Wednesday, December 17, 2014

Breadmaker black sesame hee pan (kikaku)

My clients are getting sick of just baking bread with their Donlim breadmaker. So they are asking if I can come up with more recipes, other than bread. Yesterday, I made soft and fluffy banana and walnut cake with it. This morning I made these Hakka delicacies with the breadmaker. I kneaded the dough and let it proof in the breadmaker, then steamed them in the steamer. The lil' fella loved them. He had about 2-3 of them. I had 3 myself. We love the chewiness but at the same time, also fluffy, especially when warm. 
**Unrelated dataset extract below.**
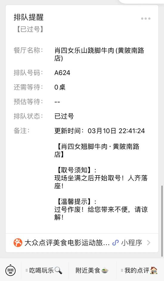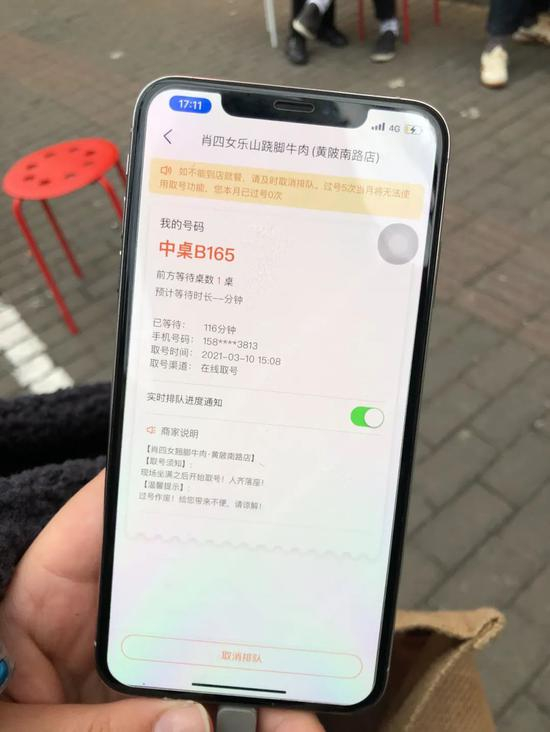 记者于4:08分取号成功,还需等待304桌。最终直到22:41分才排到,而餐厅于23:00打烊。
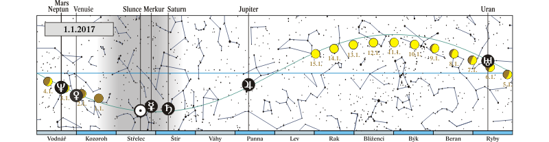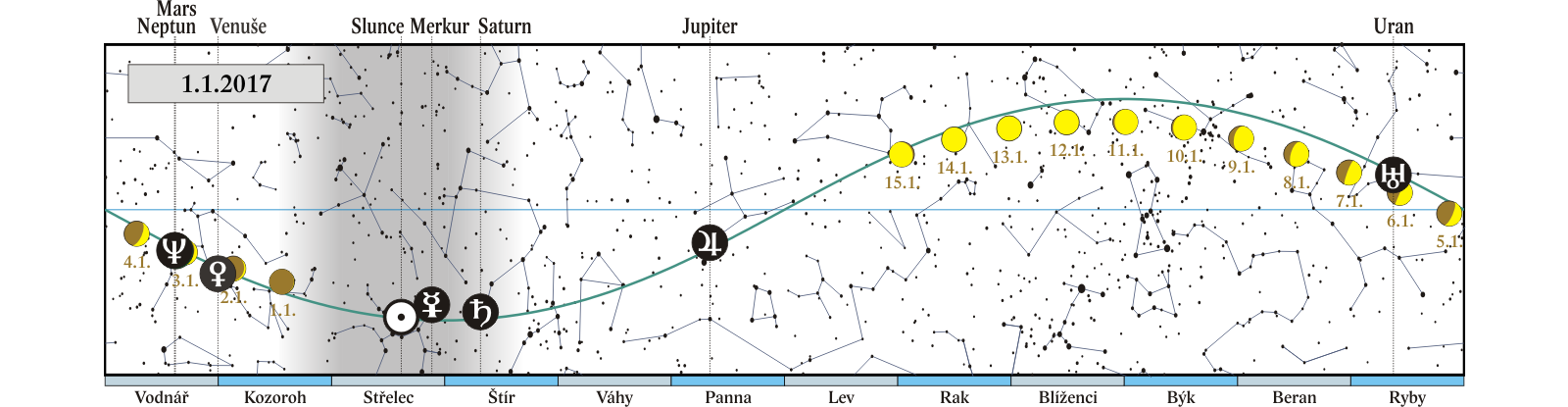 Mars v konjunkci s Neptunem (Mars 0,0° jižně; extrémně těsné přiblížení pod naším obzorem, planety pozorovatelné 31. 12. 2016 večer) |

This is a sponge dough recipe. It requires additional steps of preparation. I have made some simple dough method, but I felt that the texture of the kikaku is quite dense, so I have always prefer those made with this sponge dough. You can refer to those easier ones if you felt that this recipe is a little too cumbersome for you. Here's the link for the easier straight dough recipe. 

Sponge dough: 
  • 1tsp active dry yeast 
  • 200g all purpose flour
  • 150g black sesame drink / pandan juice (if making a pandan heepan) 
Combine all ingredients. Cover and proof overnight at room temperature. 

Main dough: 
  • 100g all purpose flour (I have used 85g all purpose flour + 15g cornflour) 
  • 150g glutinous rice flour 
  • 125g water / pandan juice (if making a pandan heepan) 
  • 125g sugar (I've replaced with 75g brown sugar) 
  • 1/2 tsp active dry yeast 
  • Some oil for rubbing on palms when moulding the hee pan later on. 
  1. Place all ingredients, including the sponge dough into the breadpan. Select mode no. 6 for knead (和面)。 Press Start 启动/停止。Let it knead for 10minutes. Press Stop 启动/停止。 
  2. Select mode no. 8 for Proof (发酵)。 Adjust TIME 时间 to 01:00 (1 hour). 
  3. After an hour, bring dough out of breadpan. Punch out trapped air. Shape into 50g ball and place on a steam paper or banana leaf. Press to flatten. 
  4. Let proof for another 15min. Steam on medium heat for 10min. 

中文翻译
面种: 
  • 1tsp 酵母 
  • 200g 普通面粉
  • 150g 黑芝麻奶 
在一个碗内将以上材料混合。盖上保险纸 , 放在室内室温发酵过夜。 

主面团:



  • 100g 普通面粉 (我用85g 普通面粉 + 15g 生粉) 
  • 150g 糯米粉
  • 125g 水
  • 125g 糖 (我只用了75g 黄糖) 
  • 1/2 tsp 酵母 
  • 油 (整形的时候抹在手板上用) 
  1. 将所有材料,包括面种,放入面包桶内。启动菜单 6  和面。 和面 10分钟,按停止。  
  2. 启动菜单 8  (发酵)。 调整时间为1小时。 按启动/停止。  
  3. 一小时之后, 将面团取出。敲打以将空气敲走。 将面团分成50克的小圆形, 放在香蕉叶上压扁。 
  4. 发酵15分钟. 中火蒸10分钟。